What to work on: Copy exactly and only the lines running from the one that contains "[成果情報名] | ニンジンディスクによるスミレ類根腐病菌の簡易土壌検診法 |" to the final line of the data below, without the pictures.

Records for processing:
□ □ □ □
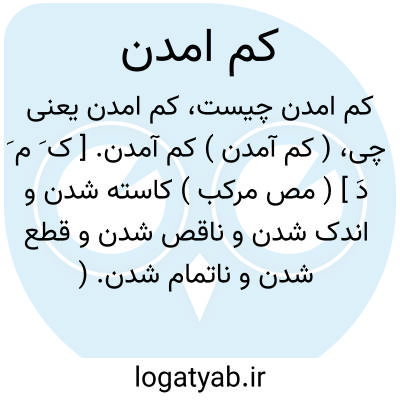 ( کم آمدن ) کم آمدن. [ ک َ م َ دَ ] ( مص مرکب ) کاسته شدن و اندک شدن و ناقص شدن و قطع شدن و ناتمام شدن. ( ناظم الاطباء ). اندک بودن. ناقص شدن. ناتمام بودن. ( فرهنگ فارسی معین ). از شماره چیزی کاسته شدن. نرسیدن به حدی که بایسته است. کافی نبودن. کفاف ندادن:
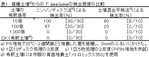 | [成果情報名] | ニンジンディスクによるスミレ類根腐病菌の簡易土壌検診法 |
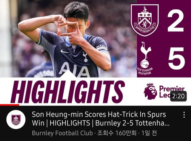 그런데 번리가 다른팀 선수인데다 자신들에게 해트트릭을 꽂아넣으며 패배를 안긴 손흥민의 하이라이트 영상을 유튜브에 게시해 화제가 됐다. 심지어 번리가 올린 손흥민 영상이 엄청난 조회 수를 기록하면서 팬들을 놀라게 했다.
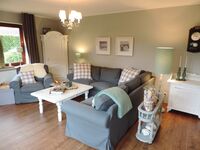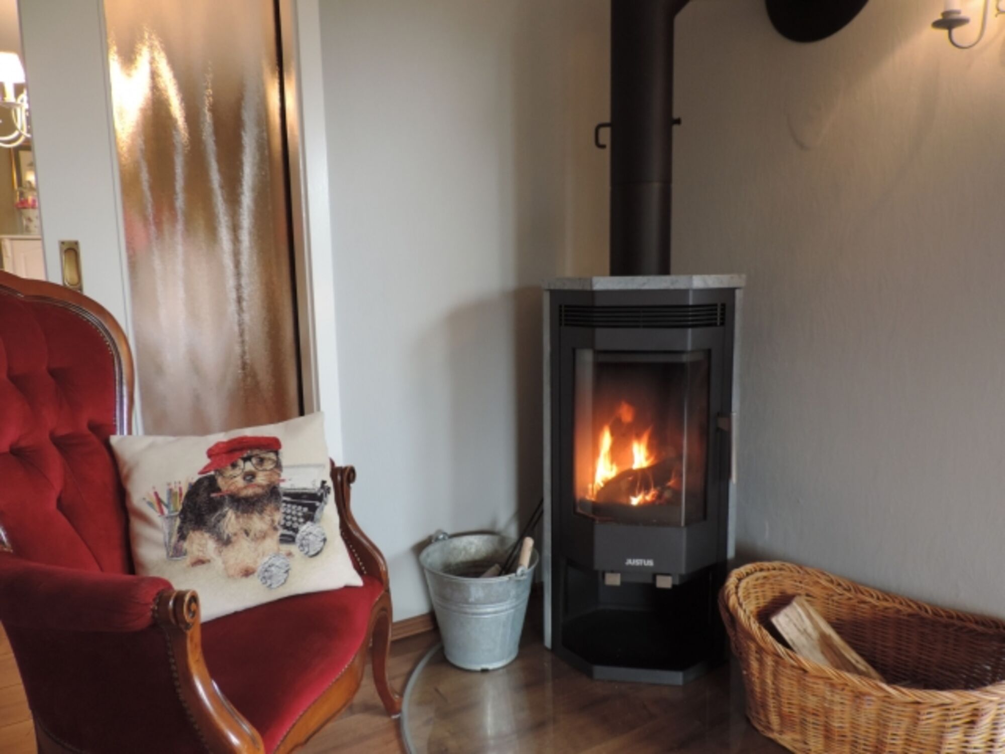 TV-Sat, TV-Flachbildschirm, DVD-Player, Bücher, Kaminofen, Eckcouch, Sessel
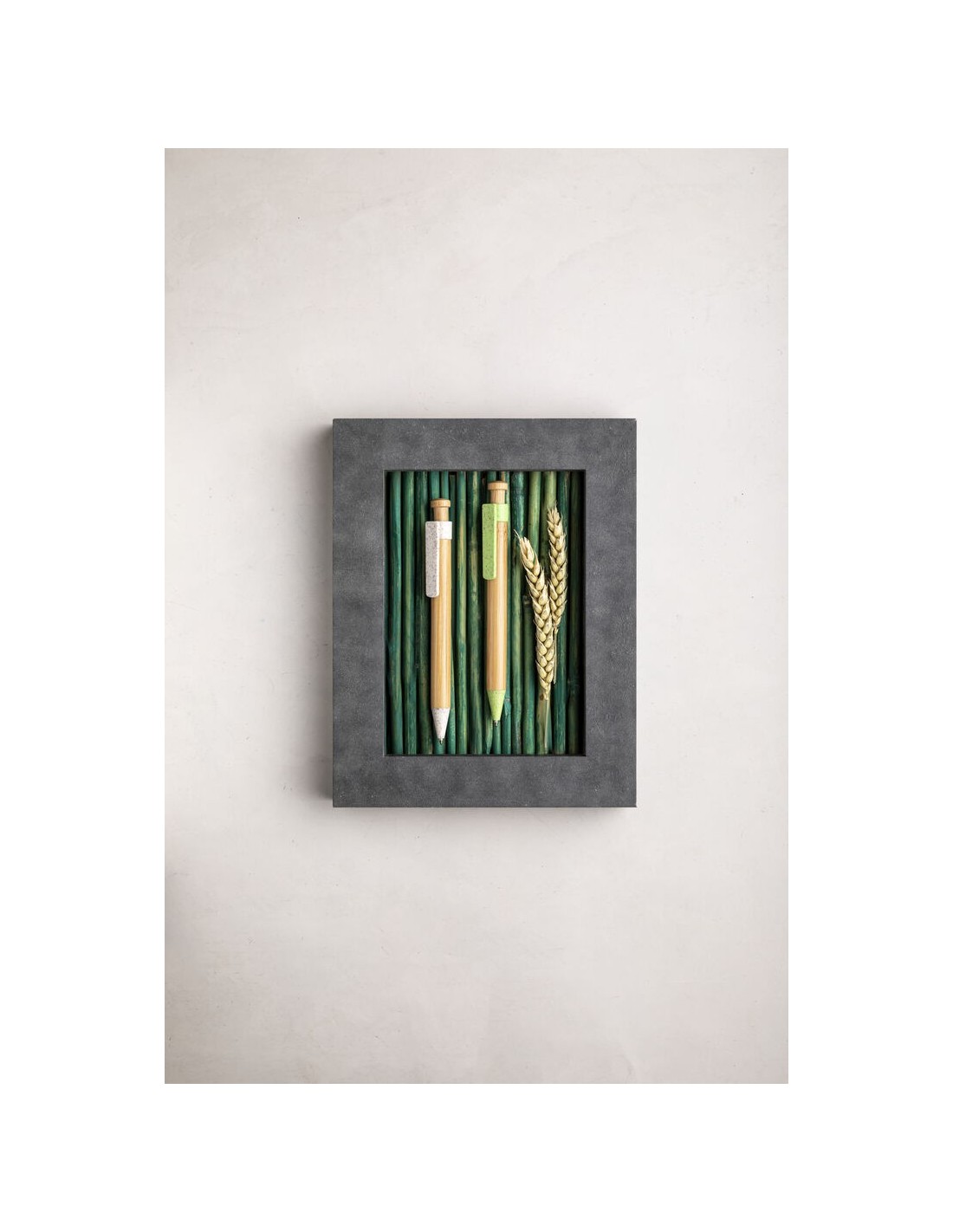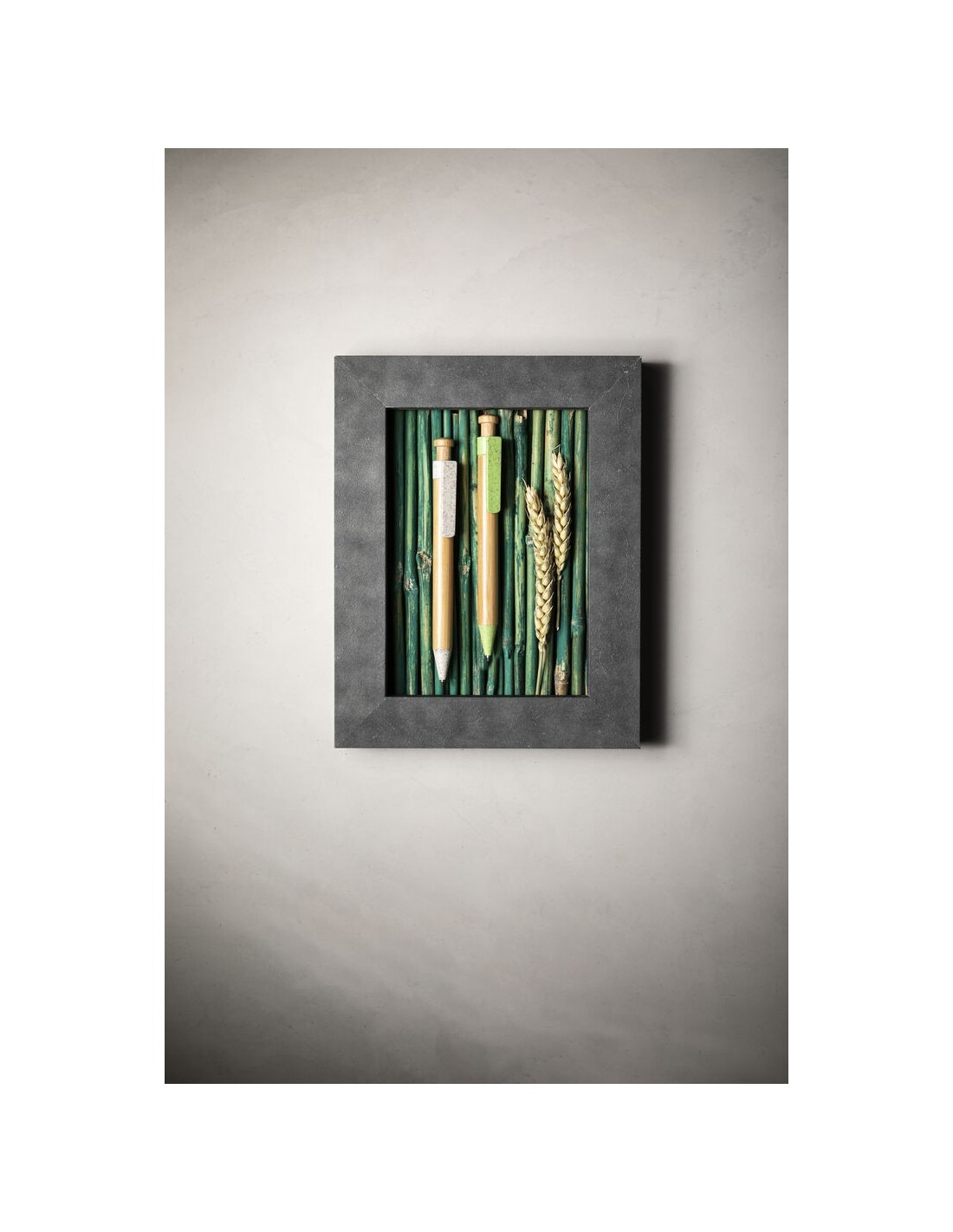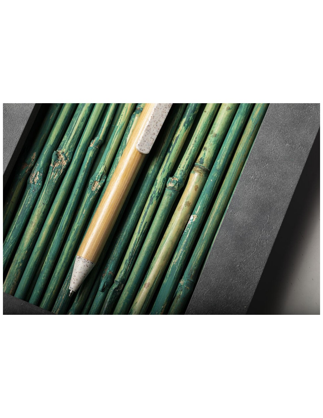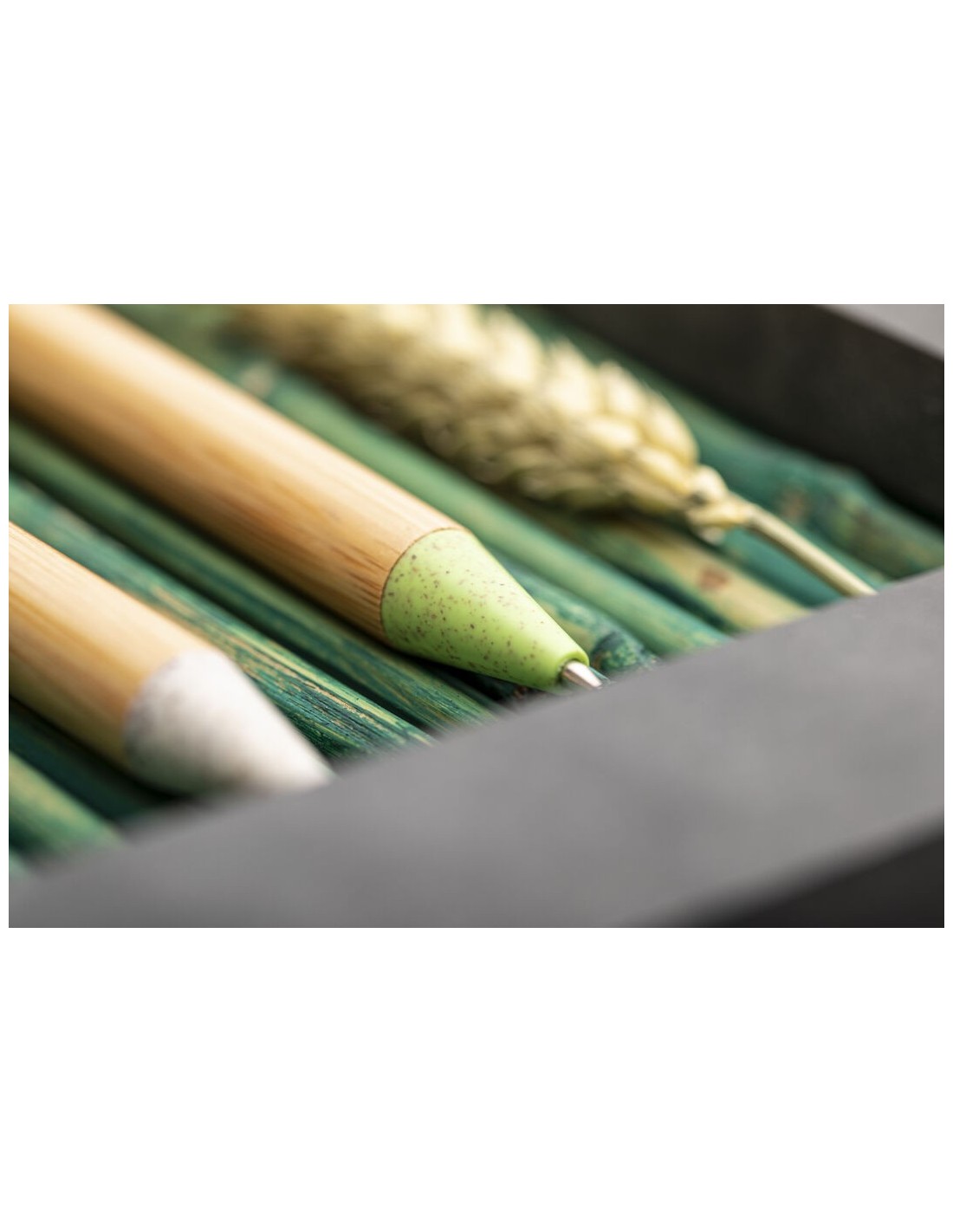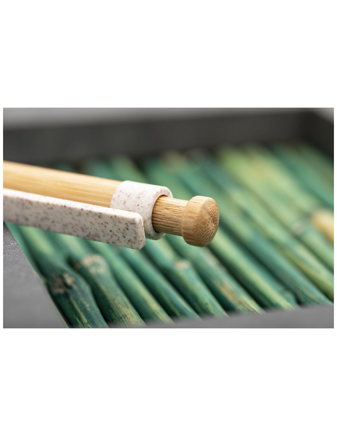 Bolígrafo de línea nature con cuerpo y pulsador biselado en madera de bambú. Clip y punta en caña de trigo, para así fomentar la utilización de materias primas naturales y reducir las emisiones contaminantes. De mecanismo pulsador y con tinta azul. Disponible en colores nature.
□ □ □ □
Answer box:
 | [成果情報名] | ニンジンディスクによるスミレ類根腐病菌の簡易土壌検診法 |
 그런데 번리가 다른팀 선수인데다 자신들에게 해트트릭을 꽂아넣으며 패배를 안긴 손흥민의 하이라이트 영상을 유튜브에 게시해 화제가 됐다. 심지어 번리가 올린 손흥민 영상이 엄청난 조회 수를 기록하면서 팬들을 놀라게 했다.
 TV-Sat, TV-Flachbildschirm, DVD-Player, Bücher, Kaminofen, Eckcouch, Sessel
 Bolígrafo de línea nature con cuerpo y pulsador biselado en madera de bambú. Clip y punta en caña de trigo, para así fomentar la utilización de materias primas naturales y reducir las emisiones contaminantes. De mecanismo pulsador y con tinta azul. Disponible en colores nature.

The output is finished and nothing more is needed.